It is important to note, however, that the Pakistani public is receiving conflicting messages. Certain religious leaders have expressed pro-vaccine sentiments to encourage vaccinations, including religious scholar and senator Maulana Samiul Haq through his issuing of a fatwa that praised the polio vaccination. Known as the father of the Taliban, he encouraged vaccinations in 2013. He died in November 2018.
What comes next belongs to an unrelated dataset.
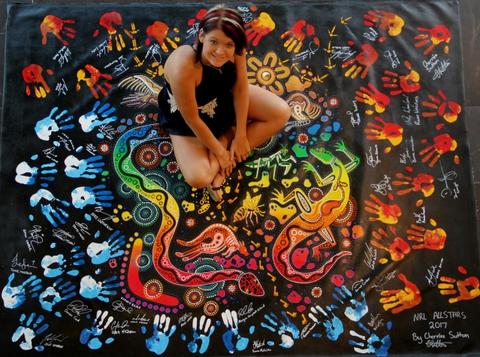 Painted a large painting with the Indigenous All Stars team and the All Stars Team all placing their handprints and signatures on the painting. The painting was 3m long and is being auctioned off with all proceeds going to AIME which is an Indigenous mentoring program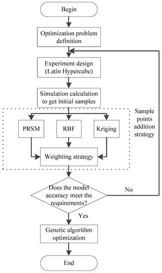 The optimization algorithm proposed in this paper is a multi-parameter optimization strategy based on a hybrid surrogate model. The initial sample set is obtained through simulation experiments, and the hybrid surrogate model will be constructed. The accuracy of the hybrid surrogate model should be inspected in combination with the actual problem, and if it meets the requirements, the global optimal solution of the model will be obtained by the genetic algorithm; otherwise, the hybrid agent model needs to be updated by selecting a suitable addition strategy until the model accuracy meets the requirements. The process of optimization based on the hybrid surrogate model is displayed in Figure 2.

Launched in 1988, the Global Polio Eradication Initiative (GPEI) is an international institutional partnership that has led polio eradication efforts over the past four decades. The initiative is a partnership between the WHO, Rotary International, the US Centers for Disease Control and Prevention, UNICEF, and the Bill & Melinda Gates Foundation and Gavi, the vaccine alliance. Since its founding, international occurrences of polio have decreased by 99.9 percent. GPEI backs the government of Pakistan in the country’s ongoing battle against polio.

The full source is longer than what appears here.